喝口琴酒

    这是一个难得的休息日。

    床上人的睡颜并不安稳,不需要闹钟吵醒,严格到可怕的生物钟让琴酒在七点半准时醒来。他赤脚走在房间的软毯上,黑绒衬着他裸露的肌肤白到亮眼。

    随手打开客厅的电视,新闻频道刚好切换到现场采访。琴酒只是稍微一瞄就露出了一个不屑的轻笑,一群被拴着铁链的狗能办出什么来。

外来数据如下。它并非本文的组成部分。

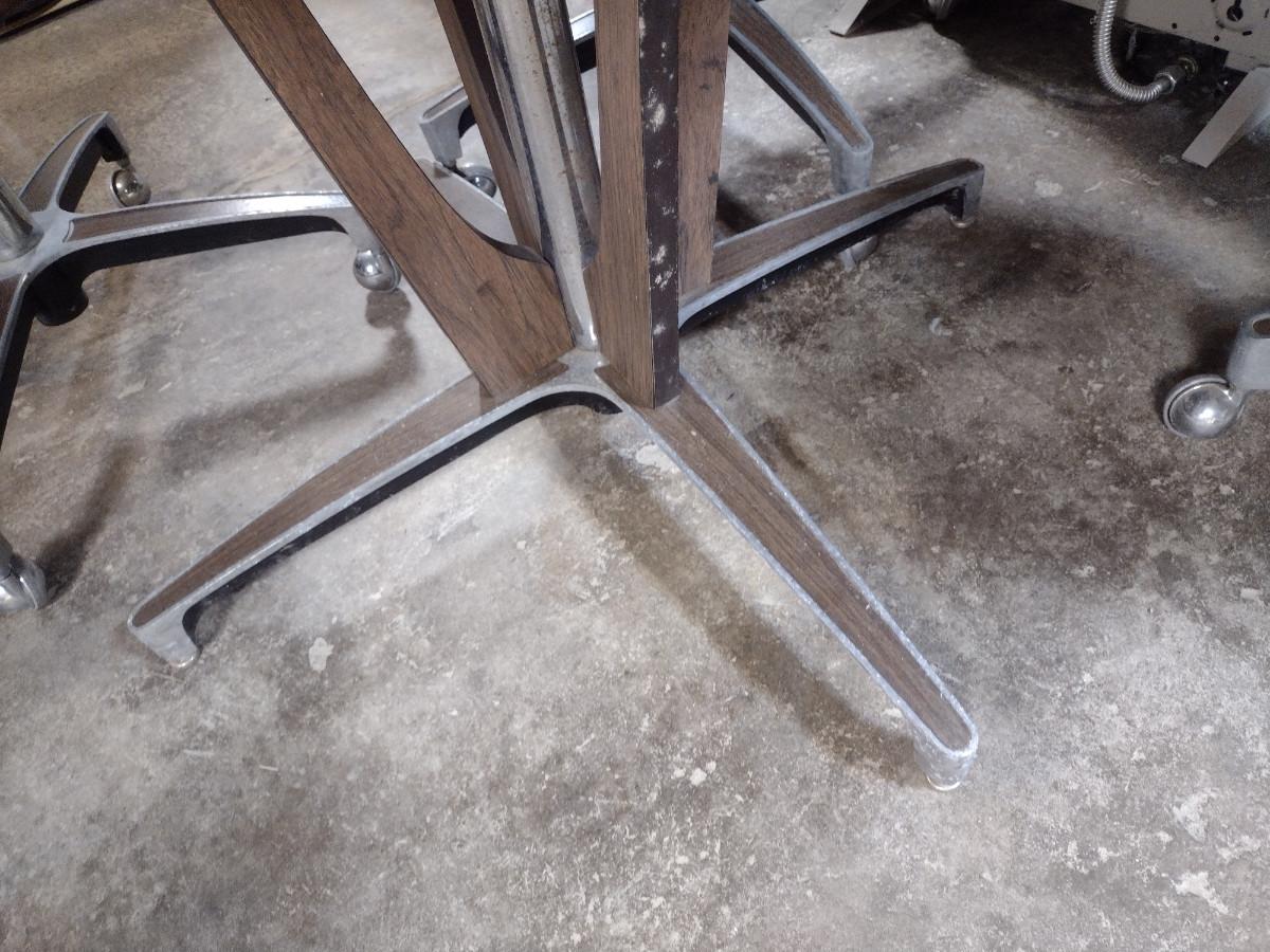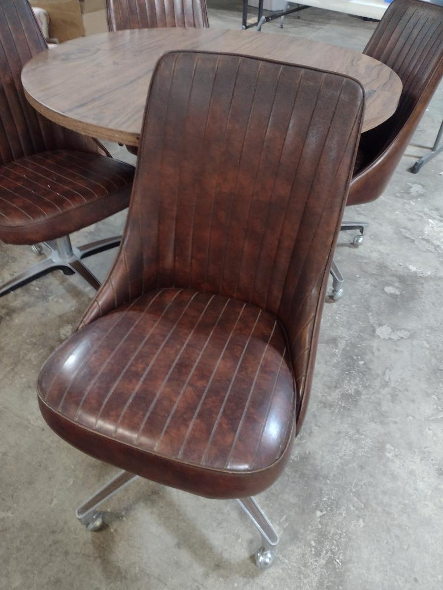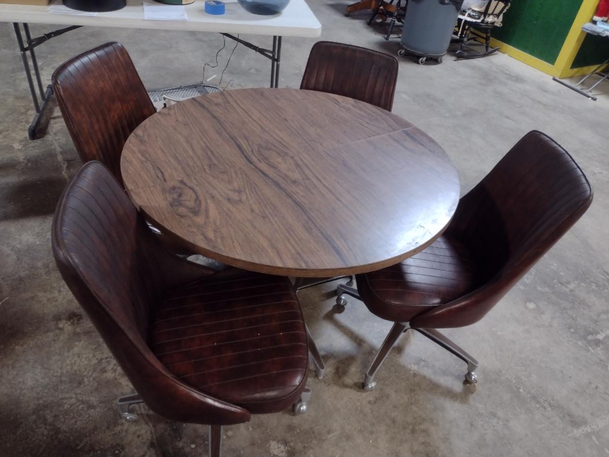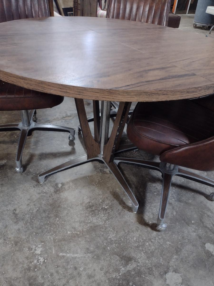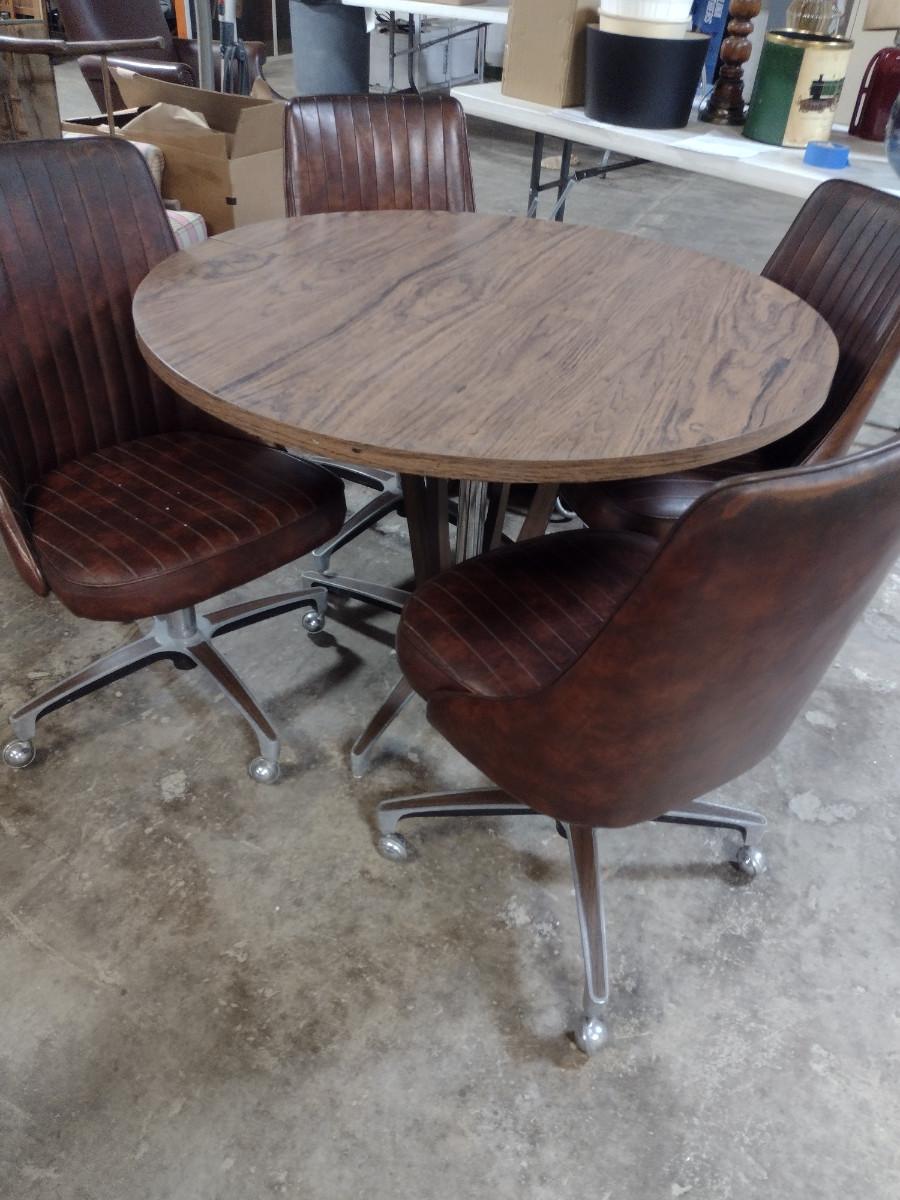 Vintage Mid-Century Laminate Wood Grain Finish Table with Four Rolling Chairs. Made by Chromcraft Corp. Table is approx 42" in diameter.

    镜头很快扫到现场的每一位警员脸上,琴酒静静地盯了一阵子,抬手关掉了电视。

    座机响起一阵旋律。琴酒坐在沙发上闭目聆听了几秒,长臂一展接起电话。

    “做什么。”

    “不可能,滚远点。”

    他的声音从冷漠变得不耐烦,吸气和呼气的间隔时间开始拉长,让人怀疑下一刻他是不是就要窒息将自己活活憋死。

    仰头靠着沙发,他长及腰间的银发顺滑地垂落地下,但很快电话那头说了些什么让他改变了坐姿,直挺挺地坐在沙发上,语气也变得硬邦邦。

    “明白,我会完成任务。”

    嘟——无情的挂断电话,琴酒没有片刻停留起身来到衣帽间。温馨柔和的黄色暖光灯下是一排排泛着冰冷光泽的武器,就像是琴酒里碰撞的冰块,被人拨弄旋转。

    这间衣帽间琴酒很少进来,他使用的武器格外固定,除了贴身的伯莱塔M92F,一般都是由伏特加携带到任务点,像这种花里胡哨炫耀式的布置看一眼就知道不是他会做的。

    他随意挑了一把调试完备按照任务指示,准时到达射击地点。

    今天的风都格外讨好他,琴酒不费吹灰之力地完成了任务。不过他并没有急着离开,拿着望远镜欣赏了一番人仰马翻的现场表演,恶劣的笑容还没张扬几时又很快下压,一个转身风衣在半空划过一个圆弧。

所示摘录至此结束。